_Material provided_.
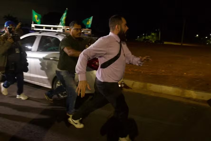 Uma vigília organizada por apoiadores do ex-presidente Jair Bolsonaro (PL) terminou em tumulto na noite deste sábado (22), em Brasília. O evento, realizado em uma área pública próxima ao condomínio onde a família Bolsonaro mora, durou pouco mais de uma hora e acabou marcado por agressões e intervenção da Polícia Militar.
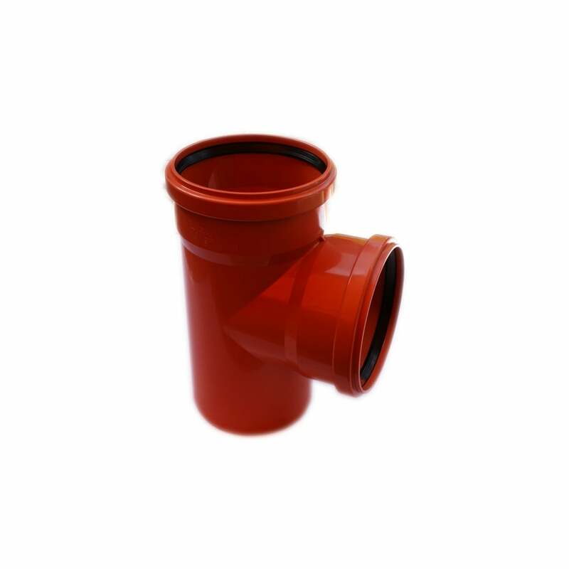 Pomarańczowy kolor trójnika kanalizacji wyróżnia go spośród innych elementów instalacji. Kąt 90° ułatwia precyzyjne ułożenie rur, co sprawia, że montaż jest prosty i szybki. Produkt idealnie pasuje do zewnętrznych systemów odprowadzania nieczystości.
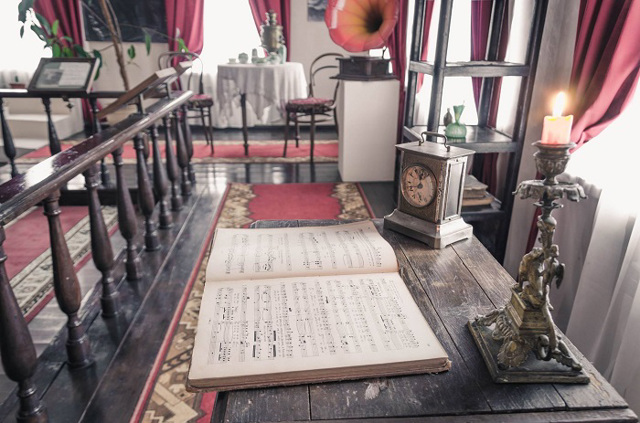 В трех залах музея представлены личные вещи композитора, его произведения, фрагмент интерьера дома его родителей.
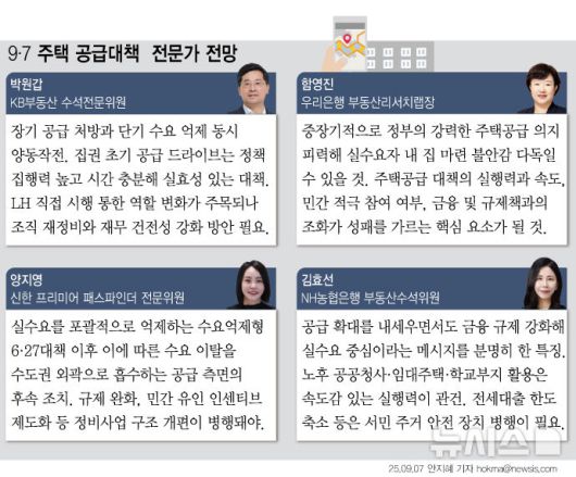 김효선 NH농협은행 부동산수석위원은 "공급 확대를 전면에 내세우면서도 금융 규제를 강화해서 실수요 중심이라는 메시지를 분명히 했다는 게 특징"이라며 "세부적인 실행과 속도에 따라 시장의 체감이 크게 달라질 것"이라고 전망했다.
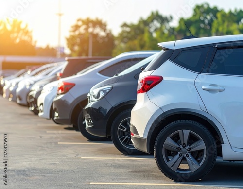 A large parking lot with many vehicles neatly arranged.
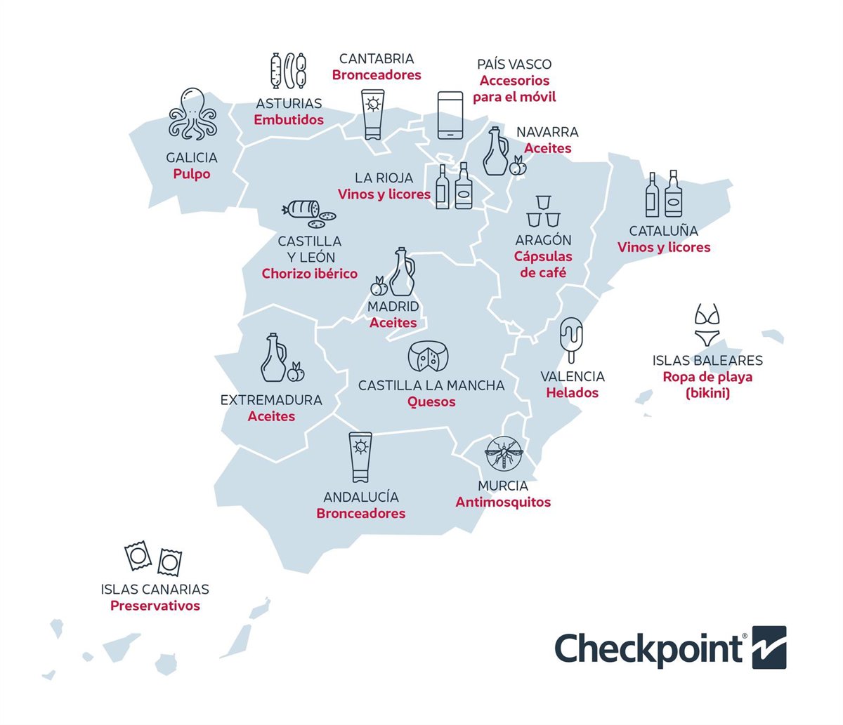 Mapa con los productos más hurtados en verano en los comercios - CHECKPOINT SYSTEMS

_Required action_. Leave out all pictures and extract exactly the lines from the line with "A large parking" through the end of the material.

_Exercise response_.
 A large parking lot with many vehicles neatly arranged.
 Mapa con los productos más hurtados en verano en los comercios - CHECKPOINT SYSTEMS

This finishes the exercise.